Significantly less so.
One way to measure the "regularity" of a language's verbs is, how much information do you need to memorize for each verb in order to conjugate it properly?
For Spanish, you don't need very much. If you have the infinitive, you can deduce the rest from that. There are a few irregular verbs, but those are a relatively small fraction of the total.

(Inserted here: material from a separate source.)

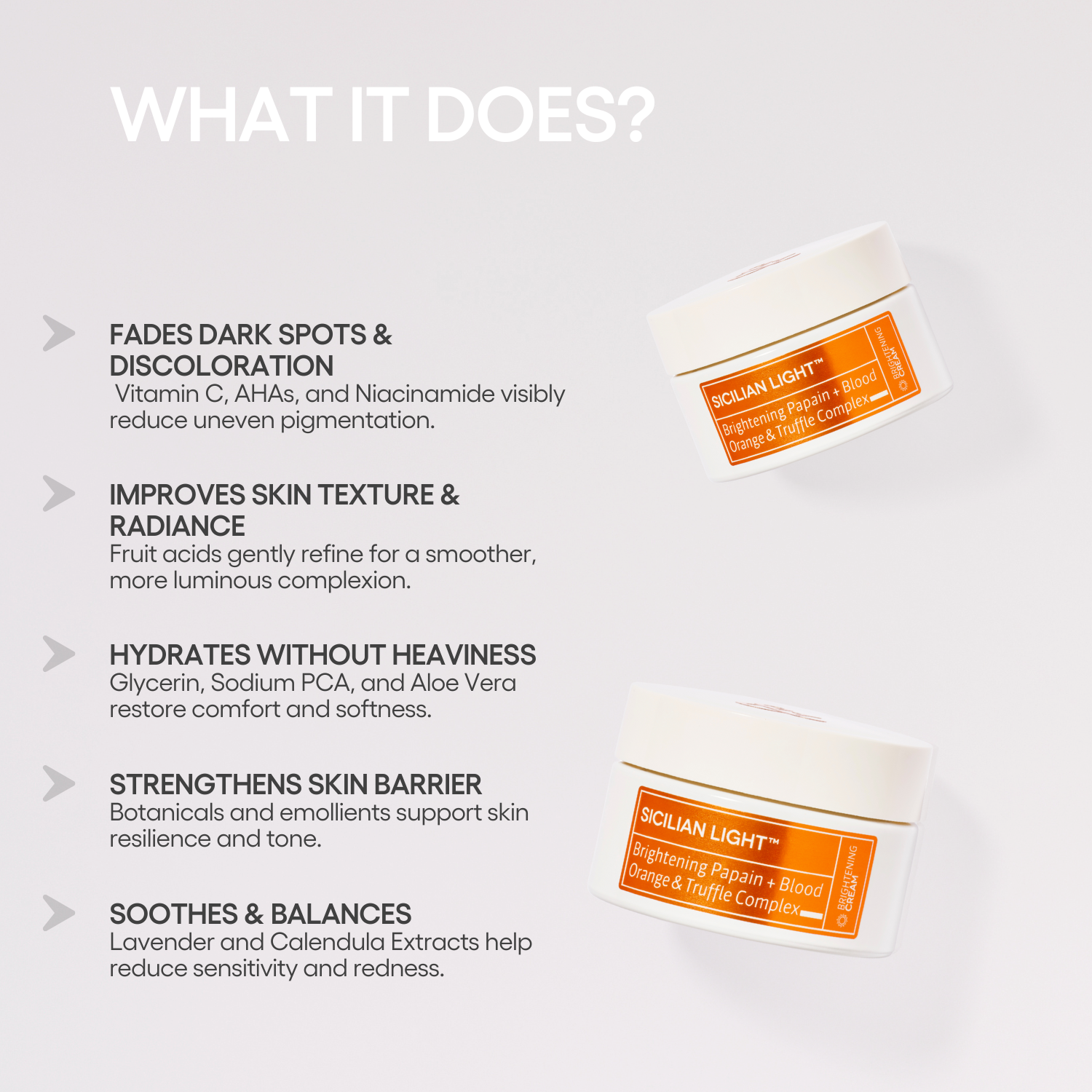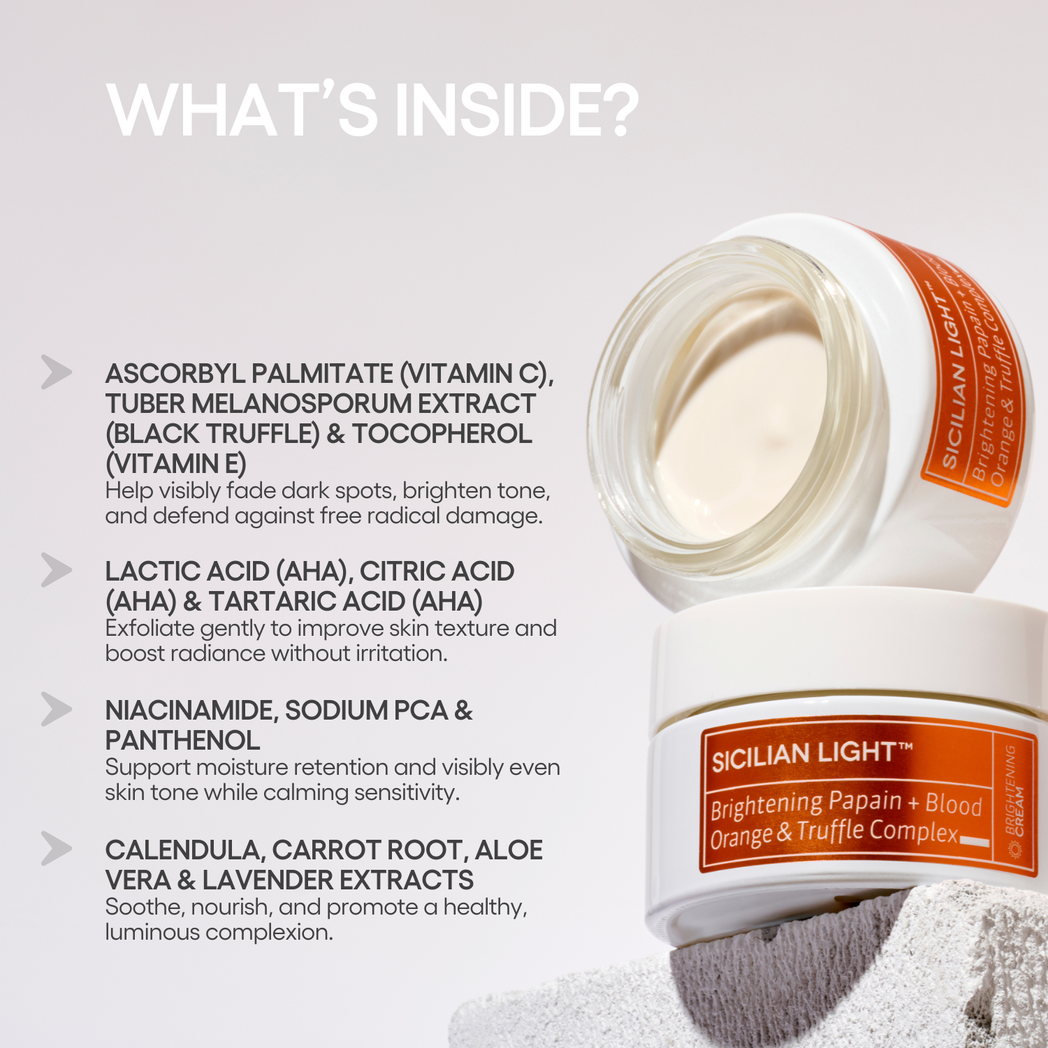 A transformative cream that brightens, plumps, and restores radiance with a Truffle + Vitamin C complex, 24 Sicilian botanicals, hyaluronic acid, and plant-based squalane. It minimizes dark spots, evens skin tone, and strengthens hydration, leaving a luminous, resilient, and visibly healthy-looking complexion.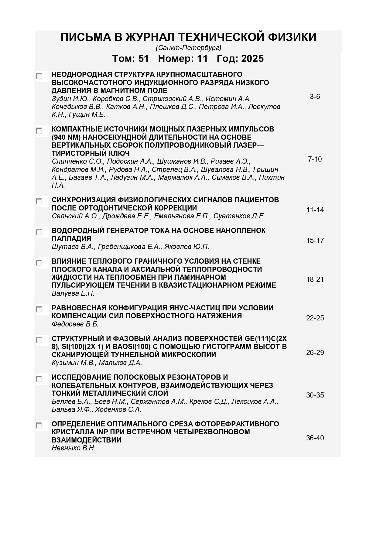 Письма в журнал технической физики 2025 T.51 №11 |

In Latin, you generally need to know four separate forms, the "principal parts", which provide information you can't get from the infinitive. For example, there are a few different ways to form the perfect (basically simple past) tense stem from the present stem: sometimes you add a -v- (amā- → amāv- "love"), sometimes you add an -s- (dīc- → dīx- "say"), sometimes you lengthen the vowel (ven- → vēn- "come"), sometimes you reduplicate the first syllable (curr- → cu-curr- "run"), and so on. There are a few general trends, like how most stems ending in -ā- add a -v-, but they're more like guidelines than hard rules. So you need to memorize the past stem alongside the present stem. And then you can usually figure out the supine stem from the past stem, but not always, so you need to memorize that too, and you can usually figure out the present stem from the infinitive stem, but not always, so you need to memorize that too, and in the end you're learning four separate forms for each verb.
P.S.
I know that some verbs, e.g. ir, are weird because they come from multiple Latin words.
This is called suppletion, and happens in Latin as well as Spanish. (In fact, it happens in most inflecting languages—consider English "go" vs "went", or "be" vs "is" vs "was".) But suppletive verbs are generally a small minority, so they don't matter as much in terms of the overall regularity of the language.